Das war meine Beobachtung, nachdem ich wieder einmal mit angezwiebelten Zehen aus den Thermostiefeln stieg, Socken und Sohlen austauschte und dann nach einigem Hin- und Hergefriemel mit den Flachbandkabeln (kamen fast immer seitlich raus, nicht hinten an der Ferse ..) und den Akkupacks endlich fertig mit dem Versuchsaufbau war. 
Meine Fresse! Das ist schon eine gehörige Umstellung und ein Rückfall in eine Zeit vor unserer Zeit, so schien es mir. Denn in gewisser Weise war ich Thermosoles-verwöhnt, obwohl ich ja mit denen nicht zufrieden war und sie wieder zurückgeschickt habe. 
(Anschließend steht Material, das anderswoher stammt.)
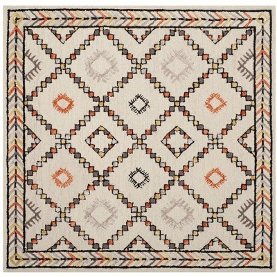 Elevate your space with the timeless elegance of our Hand Tufted Wool Area Rug. Designed to infuse any room with a touch of sophistication, this 5' X 5' square rug features a plush 3/8-inch pile height that offers comfort underfoot. The ivory base is gracefully adorned with a classic pattern that showcases intricate detailing and a harmonious color palette of soft purples, pinks, and contrasting reds within a framework of traditional motifs.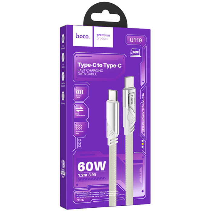 Дата кабель Hoco U119 Machine charging data Type-C to Type-C 60W (1.2m)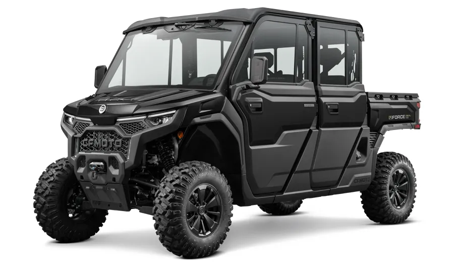 Electronic power steering, Bosch® EFI, electronic throttle with work/normal modes, OmniDrive™ CVT, 4500 lb. winch with synthetic rope, two 3-person bench seats, CFMOTO LED™ headlights/taillights with backup lights, tilt steering wheel, CFMOTO RideSync app compatible (T-Box), 12V outlet, USB port, push button shifting and starting, nfc key, 8” CFMOTO RideSync™ touchscreen display, electronic / hydraulic tilt bed, skid plate, front & rear sway bars, Hill Descent Control, locking front and rear differential, side rear view mirrors, roof with headliner, bus bar, 2” receiver, adjustable driver seat, audio package, power glass tip out windshield with wiper, sliding rear glass window, full locking doors with power glass windows, factory installed HVAC, 150amp charging system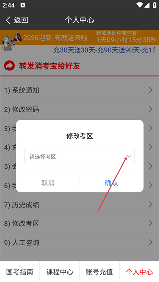 2、在个人中心界面,选择【修改考区】选项,弹出修改考区的操作窗口。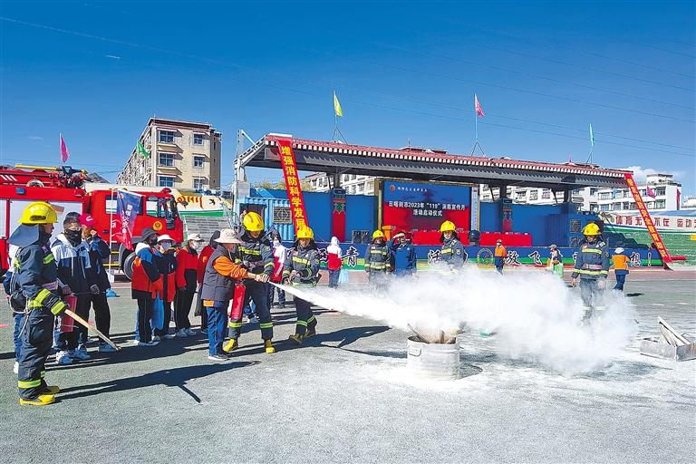 11月5日,2023年日喀則市“119”消防宣傳月活動啟動儀式在日喀則市第三高級中學(xué)舉行。日喀則市消防安全委員會成員單位及師生代表共1500余人參加活動?;顒又?,消防技能挑戰(zhàn)、消防科普互動、消防裝備展覽、改革轉(zhuǎn)隸五周年成果展、消防技能展示等,吸引了大批師生近距離體驗消防、認識消防,進一步筑牢校園消防安全“防火墻”。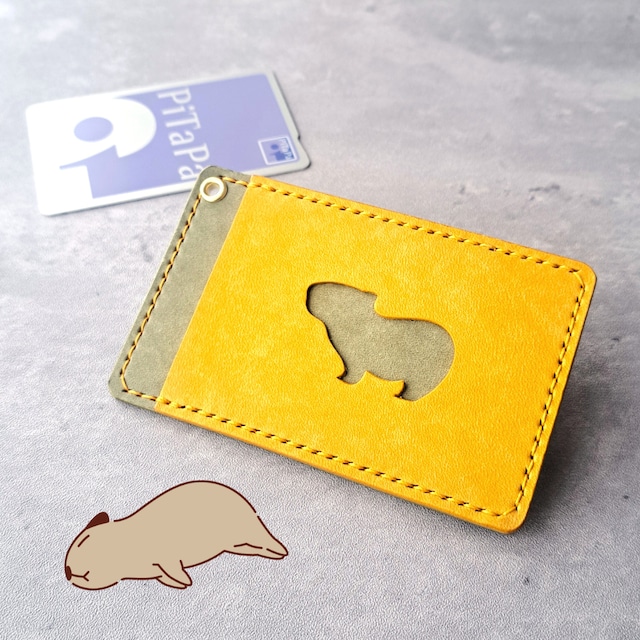 小窓のカピバラがかわいい!シンプルなレザーパスケース【イベント展示カラー】イエロー×グリーン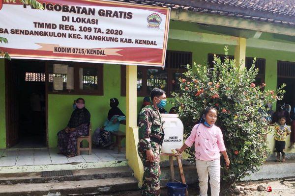 Dalam kegiatan itu Satgas menggandeng personil dari Klinik Pratama Kodim 0715/Kendal, Pelayanan kesehatan gratis itu digelar di Dusun Pening Desa Sendang kulon Kecamatan Kangkung. Tepatnya di SDN 4 Sendang kulon. Sala seperti kegiatan fisik dan non fisik TMMD lainnya, di kegiatan pengobatan gratis itu Tni Satgas juga menerapkan protokol Covid-19 secara ketat .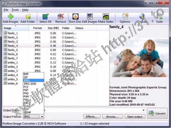 件的參數。通過NCH Pixillion Image Converter您可以快速,方便地轉換圖像文件為你想要的格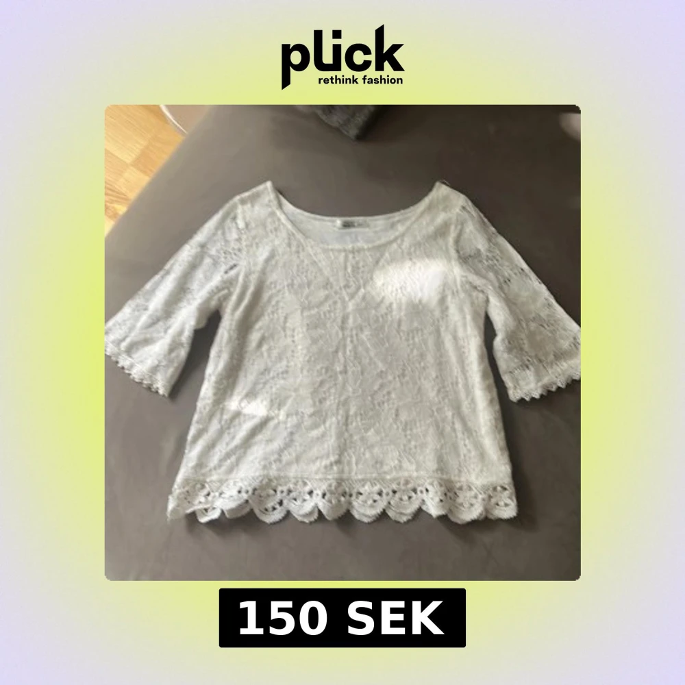 Säljer en vit blus från Nice Claup med blommig spets och rund halsringning. Blusen har trekvartsärm och vacker broderad kant längst ner. Perfekt för dig som gillar romantiska detaljer och ljusa toner.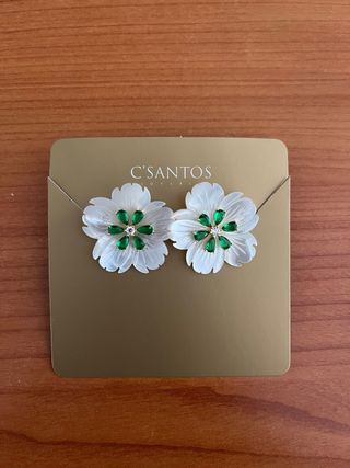 Pendientes de plata 925 con dos flores de concha de nácar y esmeralda en plata
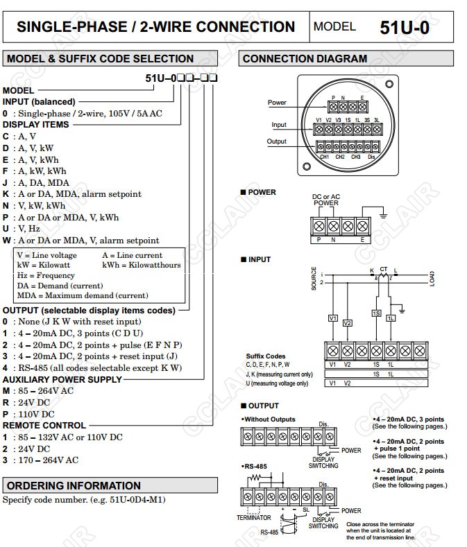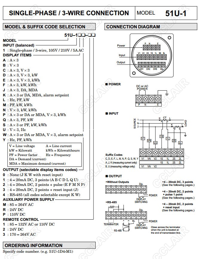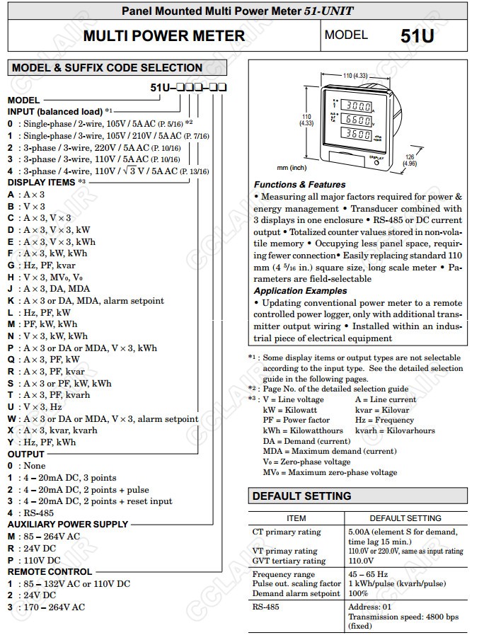 51U,51U-0,51U-1,51U-2,51U-3,51U-4,配電盤嵌入式多功能電量表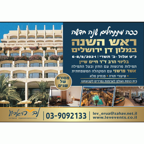 ארועי ראש השנה מתקיימים במלונות הטובים ביותר בישראל, בפיקוח צמוד ואישי של מנהלי הארוע של "לב הארוע".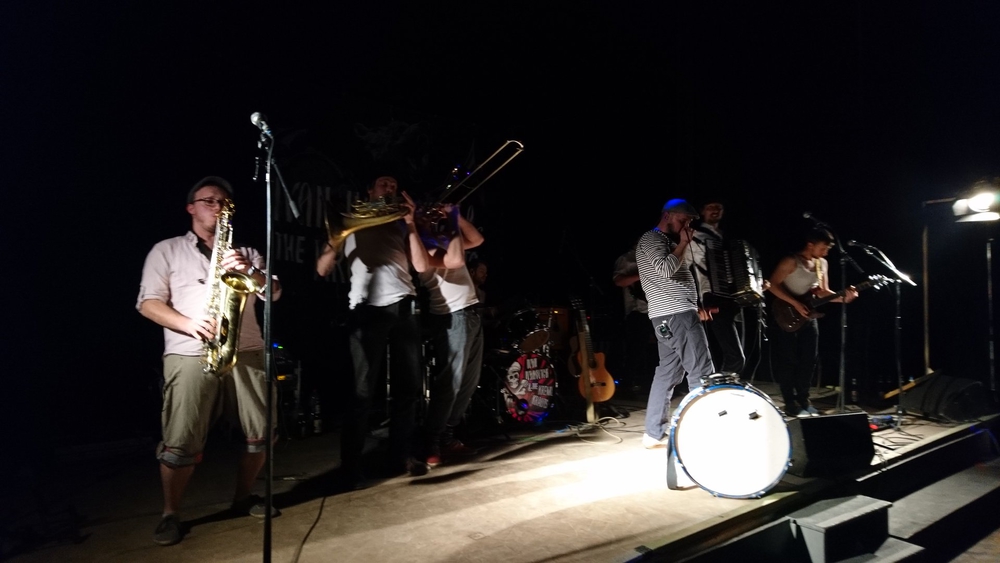 Wir freuten uns auf die Band Ivan Ivanovich & The Kreml Krauts, die ab 21.00 Uhr mit ihrer Musik nicht nur die allerletzten Winterüberbleibsel vertrieben. Die treibenden Polkarhythmen, kreiert von Schlagzeug, Bass und Gitarre vermischten sich mit herzerweichenden Melodien von Akkordeon, Horn, Saxophon und Posaune zu einem einzigartigen Klangerlebnis. Darauf zeichnet Sänger Ivan Ivanovich mit seiner wodkagetränkten Stimme wunderschöne Kunstwerke voller Trauer und Schmerz, die jeden Konzertbesucher innerlich erwärmten – und am Ende allen klar war, was die russische Seele ausmacht.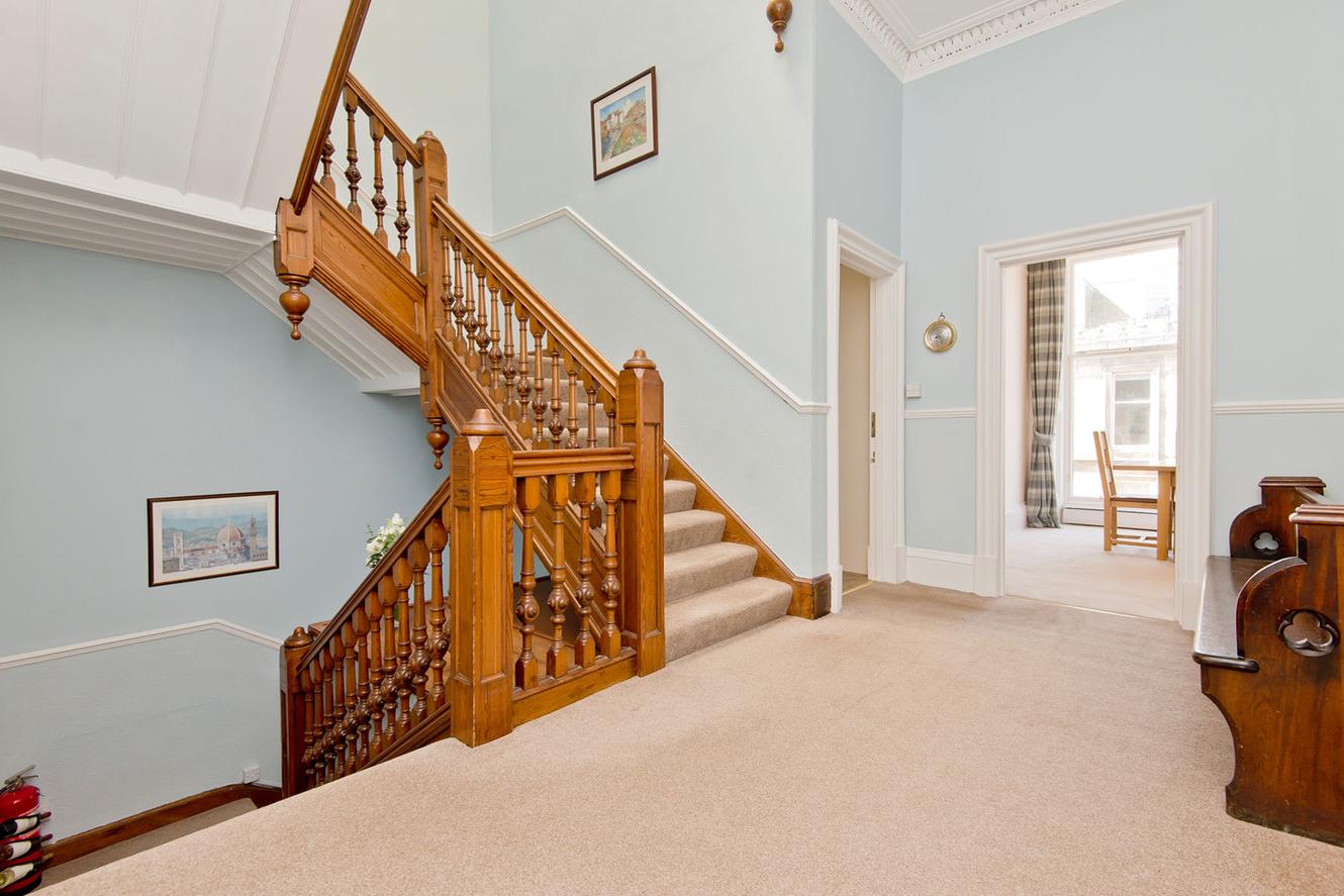 This double upper flat in a listed Georgian townhouse offers a spacious and characterful family home with five versatile bedrooms, two bathrooms, generous living spaces, and outstanding storage. Centrally located in St Andrews’ historic conservation area, this desirable residence provides access to unrestricted on-street parking and exclusive residents’ gardens.

"Wohin eigentlich mit den Batteriepacks?" die bange Frage nach dem Verbleib der kleinen, klobigen Kästchen. An die Thermostiefel konnte ich sie dank schwer biegbarem Metall-Clip und viel zu dickem Rand der Stiefel nicht dranpappen. Gott sei Dank hatte ich noch die Klettverschluss-Schnallen, die man normalerweise nimmt, um die Hosen vor den Ketten zu schützen, aber auch, um sie als Reflektoren zu nutzen. 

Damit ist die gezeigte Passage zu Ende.